1. FDI Characteristics
2. Laws Governing FDI
3. Risk Management
4. Sample FDI Laws

FDI law regulates foreign direct investments, a situation in which an investor who lives in one national economy has significant influence or control over a business that exists in a different economy, according to the International Monetary Fund.

FDI Characteristics

This type of investment consists of:

  • A long-term relationship between the business and the investor
  • Ownership of more than 10 percent of the business's voting shares, either directly or indirectly
  • Substantial influence over the operations of the business

While portfolio investment is passive, FDI is considered active investment because of its managerial component. Unlike the widespread nationalization practiced from the 1950s through the 1970s, today FDI is supported across the globe for its ability to stabilize economies, encourage growth, and share technology and knowledge.

Laws Governing FDI

This form of investment is regulated by international laws as well as the applicable domestic laws for both economies involved in a transaction. The latter primarily focuses on safeguarding investors, attracting FDI, resolving disputes, and establishing security measures, tax incentives, and standards for national treatment.

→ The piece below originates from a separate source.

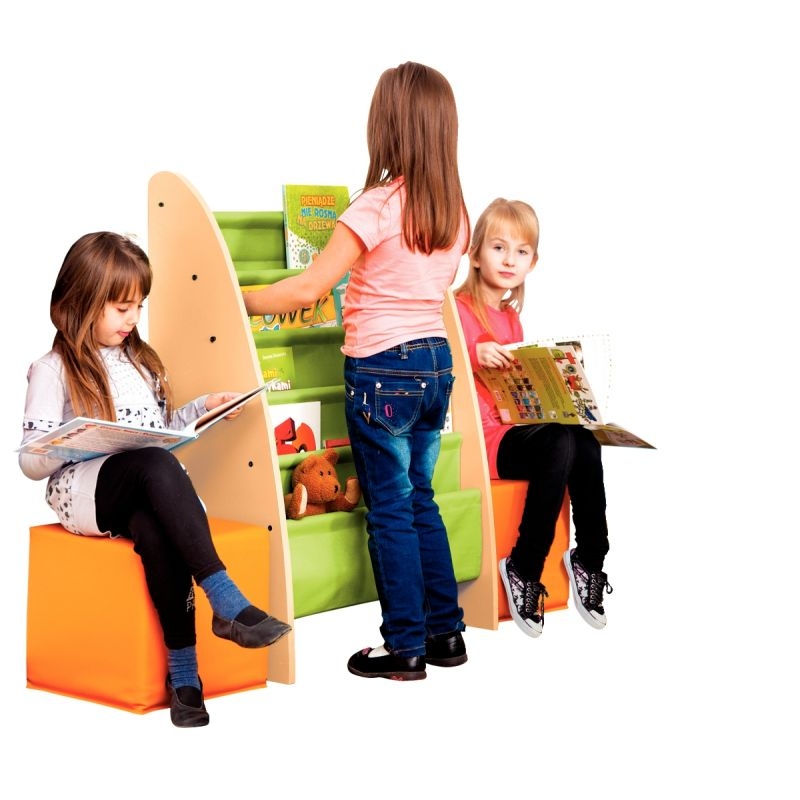 Armature en bois avec 5 poches en tissus très résistant pour y accueillir des livres.

International law for FDI comprises multilateral treaties, inter alia, bilateral investment treaties, judicial decisions, and established international law. Multilateral treaties are designed to be used when national laws conflict and include Agreement on Trade-Related Investment Measures and the Agreement on Trade-Related Aspects of Intellectual Property. Although no attempts to create an overarching treaty of this kind have been successful, U.S. FDIs are governed by bilateral treaties with more than 40 nations.

When a dispute arises between the investor and the nation in question, the investor should first rely on his or her own national laws, followed by the laws of the other nation, and then by international dispute resolution and arbitration procedures.

Risk Management

The risks of FDI are covered by international law. One example is the United Nations General Assembly resolution 1803, which calls for adequate compensation. The Multilateral Investment Guarantee Agency (MIGA) provides insurance against contract breach, currency issues, civil disturbance, war, and terrorism for individuals and businesses who invest in developing economies. A federal agency called the Overseas Private Investment Corporation offers private insurance policies for U.S investors that cover currency issues, political violence, and expropriation.

The International Centre for Settlement of Investment Disputes (ICSID) offers international dispute arbitration. This agency formed a multilateral treaty that has been in effect since 1966 and is considered the leading institution for FDI-related arbitration.

The Transatlantic Trade and Investment Partnership between the U.S. and the European Union includes a method for settling disputes between nations and investors in which claims can be brought against governments that breach standards of investment protection. Similar agreements include the North American Free Trade Agreement (NAFTA), the Comprehensive Economic and Trade Agreement, and the Central American Free Trade Agreement.

Sample FDI Laws

These FDI laws are reprinted from those established by the Embassy of the Kingdom of Saudi Arabia.

Article 1:

The following expressions and terms shall have the meaning ascribed beside each, unless the context deems otherwise:

* The Council: The Supreme Economic Council.

* Board of Directors: The Board of Directors of the General Investment Authority.

* The Authority: The General Investment Authority.

* The Governor: The Governor of the General Investment Authority and Chairman of the Board of Directors.

* Foreign Investor: The natural person of non-Saudi nationality or otherwise the body corporate, where all partners are non- Saudi nationals.

* Foreign Investment: Investment of Foreign Capital in a licensed activity under this Act.

* Foreign Capital: The Foreign Capital in this Act shall mean, for example but not limited to, the following funds and rights as long as they are possessed by a Foreign Investor:

1. Money, securities and commercial instruments.

2. Foreign investment profits if they are invested to increase the capital, expansion of existing projects or establishment of new projects.

3. Machinery, equipment, supplies, spare-parts, means of transportation and production requirements relevant to the investment.

4. Legal rights, i.e., licenses, intellectual properties, technical know-how, administrative skills, and production techniques.

* Production Facilities: Projects for the production of industrial and agricultural products (plant and animal).

* Service Facilities: Service and construction projects.

* The Act: The Foreign Investment Act.